In withdrawing, Mahony cited "family health concerns" as the reason behind his decision. He didn't notify the Democratic Party beforehand and hasn't spoken of it since.
"I promise you we can do it," Mahony told a crowd in front of the Fayetteville Town Center last July.
But even Democrats doubted it. It was easy to see those rallying to Mahony's side mostly consisted of those would would vote for anyone but Cotton, not people inspired by the Democratic candidate himself.
More fact-checking or mud-slinging, depending on one's perspective, was promised. And something in all that convinced Mahony either that his background wouldn't withstand the scrutiny enough to keep him a viable candidate or that the battle ahead wasn't worth going through.

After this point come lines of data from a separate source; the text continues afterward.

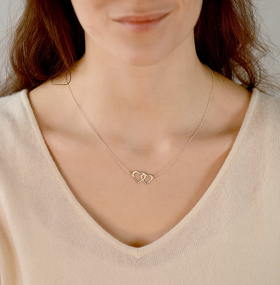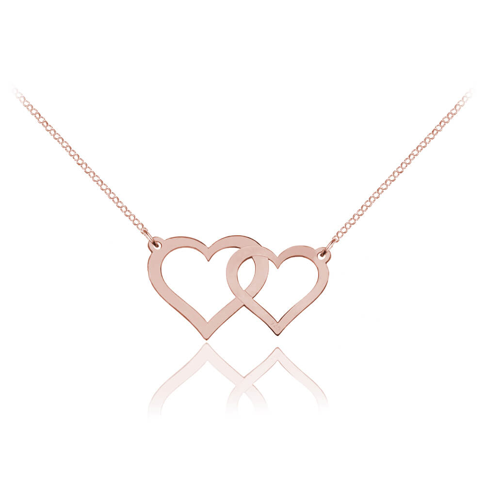 Wykonany ze srebra pr. 925 pokryty różowym złotem. Długości do wyboru. Wielkość serduszek - ok. 2,0 x 1,3 cm
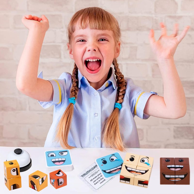 - 【Christmas Gift for kids & adults】The face changing magic cube game is suitable for kids & adults! It's a great interactive game toy. Kids take one card and build the blocks according to the reference. The one takes the shortest time wins. For adults, it‘s perfect for parties and gatherings, we prepared ’truth or dare‘ game for you (printed on the back of the card), if you are looking for games for xmas party, this is an option!
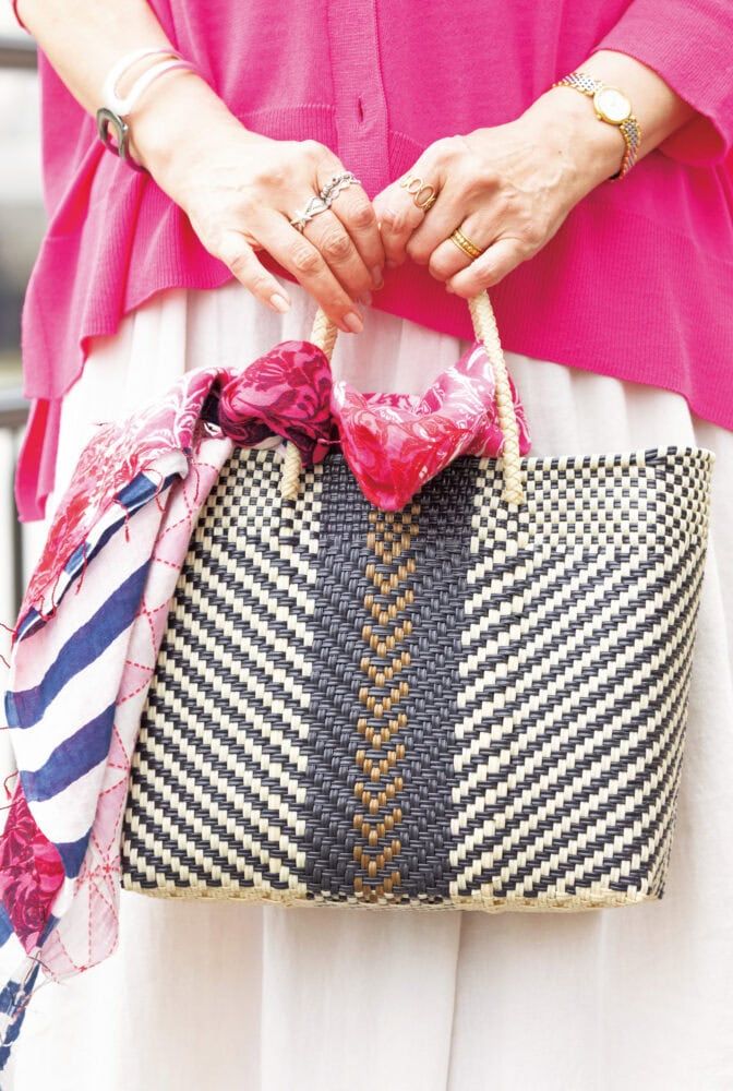 「メルカドバッグに白、スカーフにピンクや赤と小物にも洋服の色を取り入れ、コーディネートがまとまるよう意識しました」
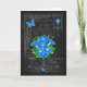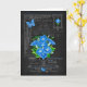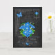 This card with a luxe look has hand-drawn flower illustrations of birth flower bouquets and bright birthstones for September birthdays, anniversaries and special days. Black chalkboard with antique engravings of decorative hardware provide a nostalgic background for the bunches of flowers, gems and bejewelled butterflies.
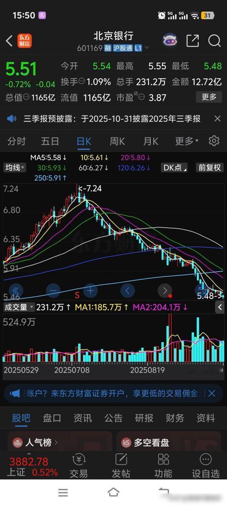 四大最惨银行股开盘遭惨烈砸盘跳水再创新低,民生银行4.01平开前几分钟还算平稳,突然几万手几万手砸盘涌出直线跳水创新低,不过在3.96企稳,市净率仅仅只有0.31,天天两万多亿的牛市行情空头怎么忍心砸盘。 今天看盘真替这几家银行股委屈——华夏银行早盘跳水后,午后两点半又被砸到逼近6.5元,市净率0.34,股息率超5%;光大银行跌破3.4元,市净率0.41;北京银行开盘就跳水破5.5元,市净率0.42。这估值全跌回2700-2800点的水平,硬生生比现在大盘少涨了1000点。 咱们老股民都知道,银行股本来就是压舱石,现在市净率低成这样,股息率还比不少理财高,按理说该是“香饽饽”。可资金偏往热点里扎,把这些“便宜货”砸得稀碎。要说经济不好吧,最近数据也在回暖;要说资产质量差吧,上市银行年报也没暴雷。 我觉着啊,这波可能是短期情绪宣泄,等市场冷静下来,低估值修复是早晚的事。当然,抄底也别太急,留点耐心,但真没必要恐慌割肉——毕竟0.3倍市净率的银行股,历史上都没几次。 数据参考:同花顺iFinD银行板块实时行情(2024年X月X日)
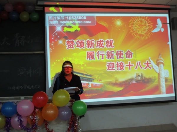 2012年11月4日晚,北海国际学院在7507教室举行以“喜迎十八大,青春献给党”为主题的演讲比赛。参加此次比赛的是北海国际学院2012级的新同学,在党的十八大即将召开之际,同学们结合对党的认识,抒发北海国际学院新生立志成才、报效党、报效祖国的自信心和责任感。
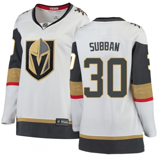 • Women's Vegas Golden Knights #30 Malcolm Subban Authentic White Away Fanatics Branded Breakaway NHL Jersey
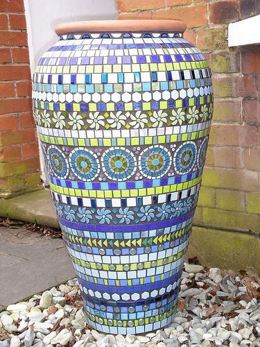 Мозаика смотрится эстетично, уникально и стильно. Разноцветная мозаика разбавит зелень растений и приукрасит сад и огород. Скамейки, дорожки, цветочные горшки и многое другое можно украсить, используя, например, битую плитку, стекло, цветные камни и не только.
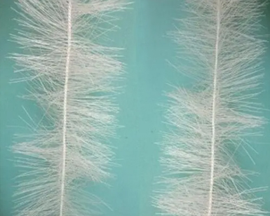 YCDT型立体弹性填料筛选了聚烯烃类的聚酰胺中的几种耐腐、耐温、耐老化的优质品种,混合以亲水、吸附、抗热氧等助剂,采用特殊的拉丝,丝条制毛工艺,将条穿插固着在耐腐、高强度的中心绳上,由于选票和工艺配方精良,刚柔适应,使丝条呈立体均匀排列辐射状态,制成了悬挂式立体弹性填料的单体,填料在有效区域内能立体全方位均匀舒展满布,使气、水、生物膜得到充分混渗接触交换,生物膜不仅能均匀地着床在每一根丝条上,保持良好的活性空隙可变性,而且能在运行过程中获得愈来愈大的比表面积,又能进行良好的新代谢,这一特征与现象是目前其他填料不可比拟的。
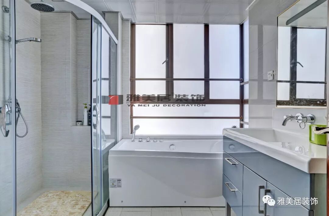 衛(wèi)生間大小足以放下浴缸加整體淋浴房。整體以灰白為主,加上陽(yáng)光的通透,打破了衛(wèi)生間閉塞的感覺。
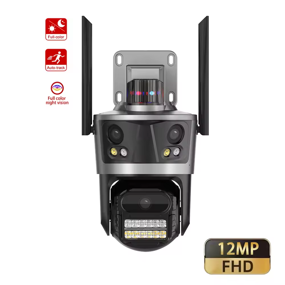 Three Lens 4k Full Hd Video Night Vision Wifi Outdoor Icsee Cctv System Smart Home Security Ptz Ip Camera
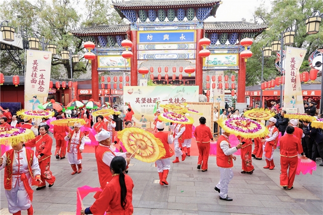 活动尚未正式开始,陕北非遗秧歌队的精彩表演已点燃现场氛围。鲜艳的绸带飞舞,欢快的鼓点铿锵,队员们围绕会场巡游互动,引导观众融入这场民俗盛宴。
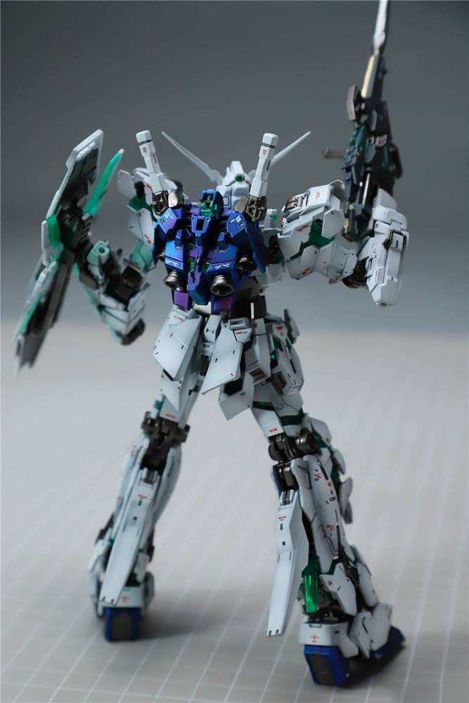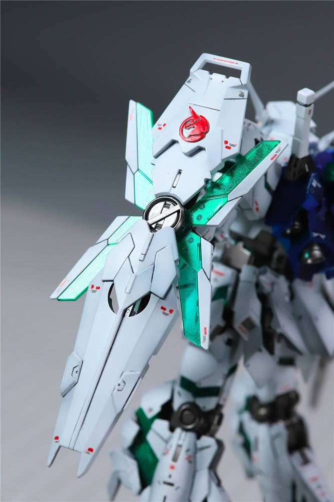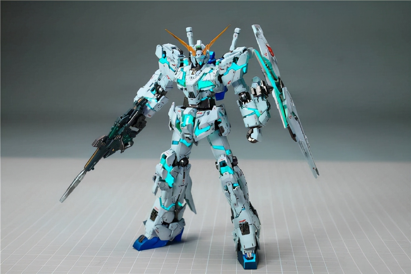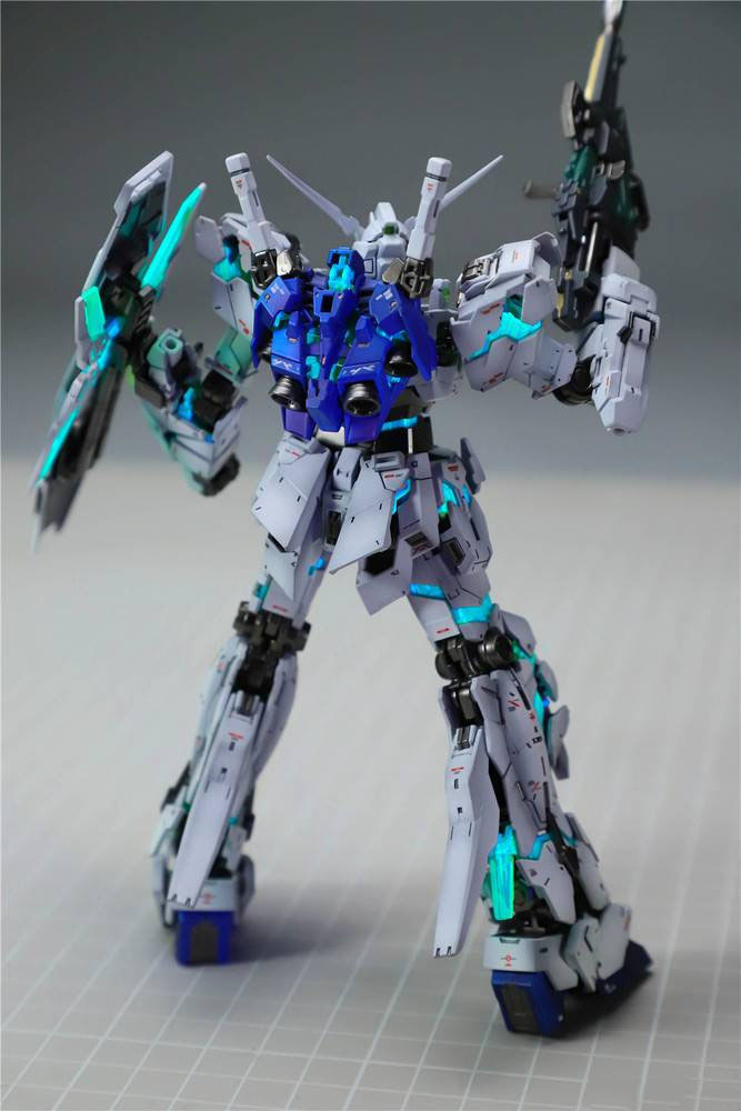 爲了豐富玩法,模友還爲RG獨角獸高達模型的精神力骨架上增加了熒光漆,在燈光的照射下散發着比較“耀眼”的光效。
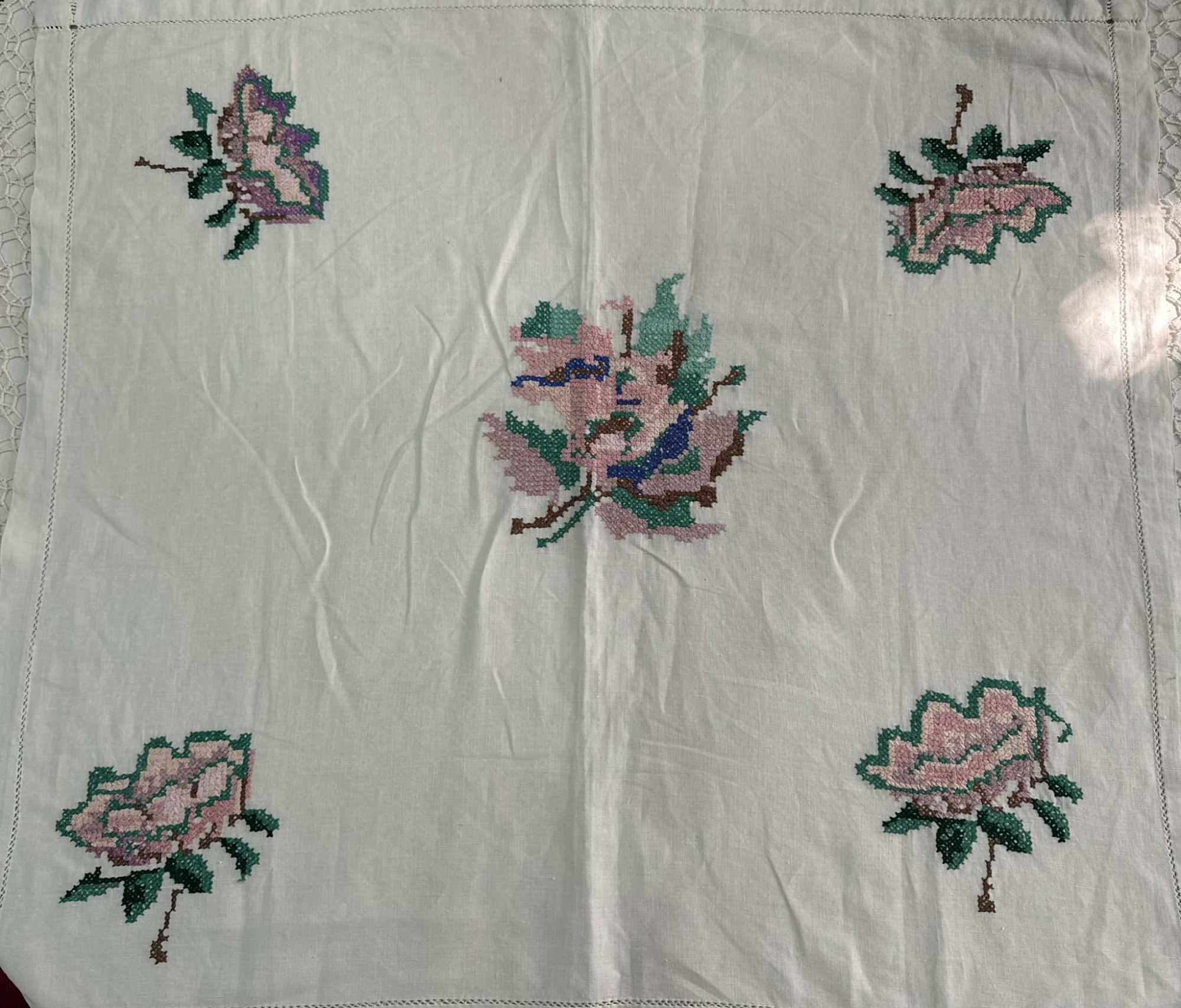 Țesătură de formă dreptunghiulară, confecționată din pânză albă, ornamentată cu motive florale mari (trandafiri), stilizate, realizate prin broderie în cruciuliță cu fir colorat din bumbac. Compoziția decorativă este dispusă simetric: un buchet floral central și patru flori plasate în colțuri. Cromatica este dominată de nuanțe pastelate de roz, verde, maro și albastru, armonios combinate. Marginea acoperitorii este finisată prin tivire, manual, conferind obiectului un aspect decorativ simplu. Obiect textil de uz gospodăresc și decorativ, folosit pentru acoperirea pernelor de pat sau a celor expuse în lada de zestre, contribuind la înfrumusețarea interiorului tradițional.
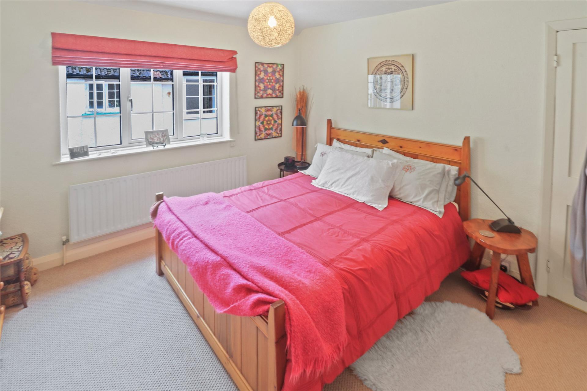 A wide entrance hall gives access to the living room with log burner and the kitchen/dining room, all with slate flooring. There is a practical ground floor cloakroom and access straight through the hall to the rear courtyard garden.
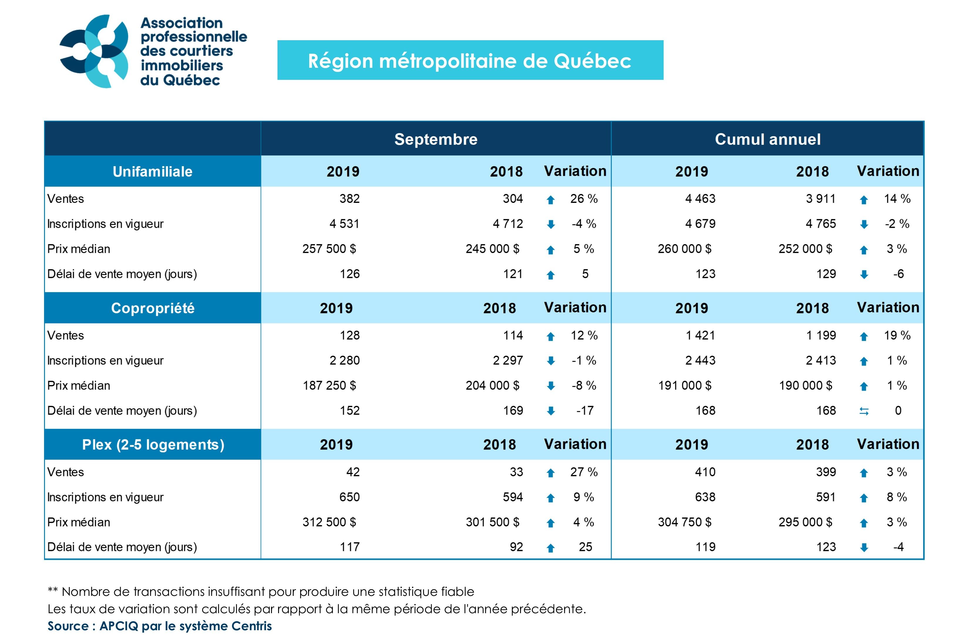 Selon l’APCIQ, la croissance des reventes dans les principaux secteurs résidentiels de la région de Québec a encore été vigoureuse par rapport à septembre 2018. L’agglomération de Québec a de nouveau surpris avec une forte hausse de ses transactions (+27%), soit 397 contrats signés.
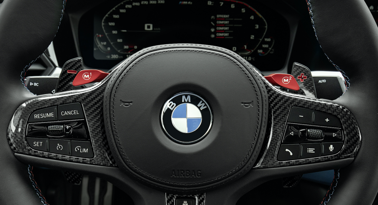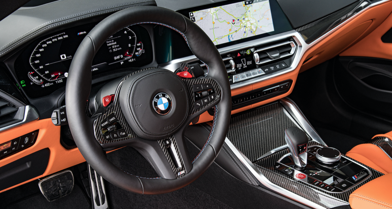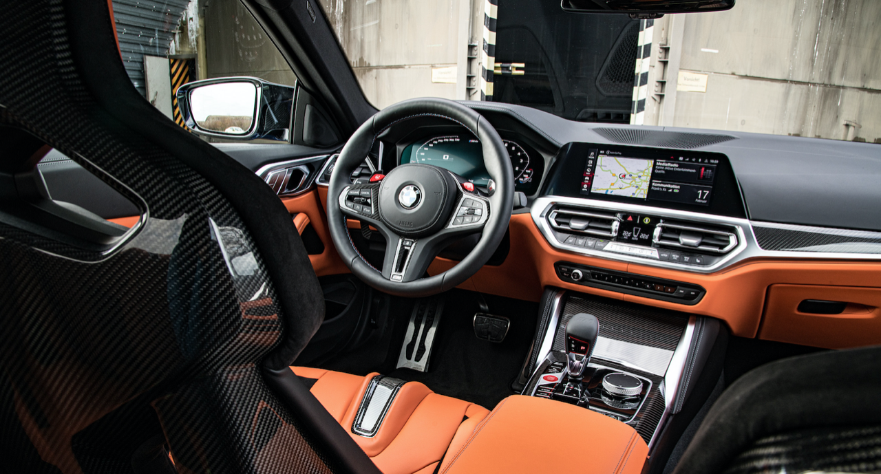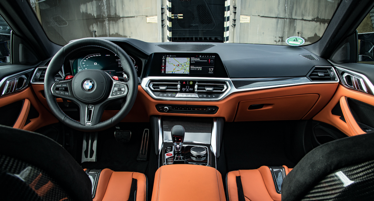 ห้องโดยสารของ M Car รุ่นใหม่ M4 Competition Coupé มีเบาะนั่งที่สวยงาม ตกแต่งด้วยลวดลายเส้นสายในสไตล์ M โดยเน้นไปที่คนขับซึ่งเป็นจุดศูนย์กลางของการใช้งานอุปกรณ์ต่างๆ M4 Competition Coupé มาพร้อมเบาะนั่ง M carbon ทรง Sport bucket ควบรวมรูปแบบเบาะที่นั่งของรถแข่ง ผนวกกับโครงสร้างคาร์บอนน้ำหนักเบาของตัวเบาะ ออกแบบสำหรับการขับขี่ระยะไกลทั้งบนไฮเวย์และในสนามแข่ง รายละเอียดของการตัดเย็บตะเข็บที่ใช้ตกแต่งเบาะ คอนโซล แผงประตู แสดงถึงความประณีตบรรจงของช่างฝีมือผู้เชี่ยวชาญ พนักพิงศีรษะที่สามารถถอดเก็บได้สำหรับการขับขี่ในสนามแข่ง ซึ่งต้องใส่หมวกกันน็อก พนักพิงแบบถอดได้ช่วยทำให้เกิดท่านั่งที่ดีขึ้นเมื่อใส่หมวกกันน็อกในสนามแข่ง ทำให้ช่วงคอของคนขับอยู่ในลักษณะที่ตั้งตรง ตราสัญลักษณ์ M เรืองแสง สามารถปรับไฟฟ้าได้ เข็มขัดนิรภัยออกแบบให้รองรับการยึดแบบหลายจุด เพื่อเสริมความปลอดภัย ปุ่ม M Mode บริเวณคอนโซลกลาง ใช้สำหรับตั้งค่าการตอบสนองและรูปแบบของระบบช่วยเหลือผู้ขับขี่ต่างๆ ส่วนมาตรวัดและจอ BMW Head-up Display แสดงข้อมูลระหว่างการขับขี่ในสภาวะต่างๆ ตามสไตล์ M นอกจากนี้ ยังมีโหมดการขับขี่ได้ 3 รูปแบบ ได้แก่ ROAD, SPORT และ TRACK สำหรับการขับบนถนนปกติหรือในสนามแข่ง

Call it unfortunate that the Republican strategy was to scuttle the Democrat's campaign after the filing period so that Arkansas voters would be denied an opportunity to have another major-party option on the ballot next November. The GOP has threatened a lawsuit if the Democrats even attempt to put a new candidate forward, thanks to state law that puts strict limits on the reasons a candidate can be replaced.
It's a cynical strategy. And it worked. And it should be expected in big-time politics.
Democrats should be disappointed in their own party, which either lacked the political foresight to put its likely Senatorial nominee through a serious vetting or didn't care to. Given the likelihood of a Democrat unseating Cotton in Arkansas, the party might have been satisfied just to have someone who could fog a mirror.
Neither Mahony nor the Democrats did the due diligence necessary to avoid what was an entirely avoidable embarrassment.
With the Mahony campaign dead, voters will still have choices next November. A Libertarian, Ricky Dale Harrington Jr. of Pine Bluff, and an independent, Dan Whitfield of Bella Vista, have also filed for the seat. If history is any gauge, Cotton will have little trouble surviving their candidacies. Most likely, he'll just ignore them.
Some Arkansas voters no doubt feel shafted in having any real choice wrangled from their hands. Others, probably the majority, haven't had their voting plans changed by this political drama at all. It's unfortunate voters won't have much of a choice, but it can easily be said they never did. Thanks to Mahony's actions and history, the Republicans had the upper hand all along and flexed it when it was most advantageous to their cause and candidate.